I implemented the --field-map X= syntax partly based on how git (used to) work when deleting remote branches, and I personally find it nice and concise. But git introduced --delete <branch> so perhaps they'd vote for --drop-fields; then again they described it as syntactic sugar so perhaps not 🤷

Any fields/columns not provided via --field-map get automatically dropped (this is based on the config file idea ...

At a high level I do want a curate pipeline to be able to detect if new columns are in the input data, but I don't think forcing us to list them all out within curate rename is the right place.

genehack commented 1 month ago

I implemented the --field-map X= syntax partly based on how git (used to) work when deleting remote branches, and I personally find it nice and concise. But git introduced --delete <branch> so perhaps they'd vote for --drop-fields

note: strong opinions, weakly held follow

To me, the difference between --field-map X= and --drop-fields X comes down to least-surprise and clear expression.
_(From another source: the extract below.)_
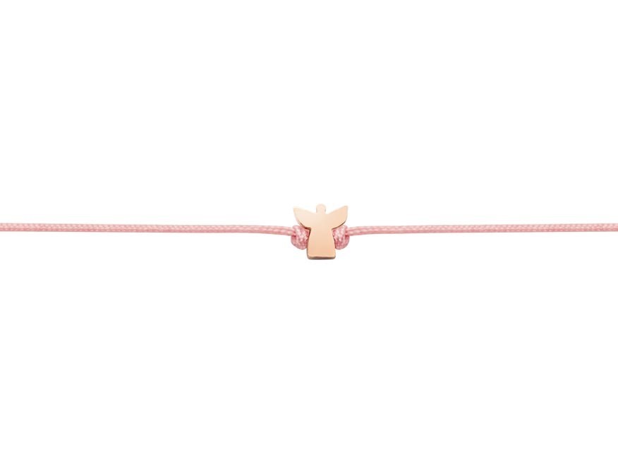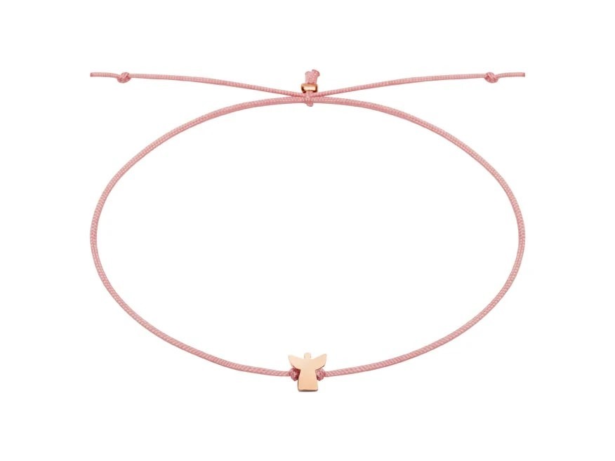 Na jemné textilní šňůrce je zavěšen drobný přívěsek v podobě anděla, laděný do romantického odstínu růžového zlata. Díky své jednoduchosti se hodí pro každodenní nošení – jako decentní doplněk, který v sobě ukrývá hlubší význam.

--drop-fields X is unambiguous: if somebody writes out that flag, they're expecting field X to go away.

Conversely, --field-map X= could be intentional, or it could be somebody meant to come along later and fill in a Y on the RHS of that = but they forgot (or even, they're generating the field map programmatically, and they've botched something, and they're expecting a field name on the RHS but got the empty string instead). I can imagine that troubleshooting something like that in the middle of a big pipeline is going to be fairly frustrating.

joverlee521 commented 1 month ago

+1 for the more explicit option --drop-fields

(I've always found the Git CLI to be confusing...)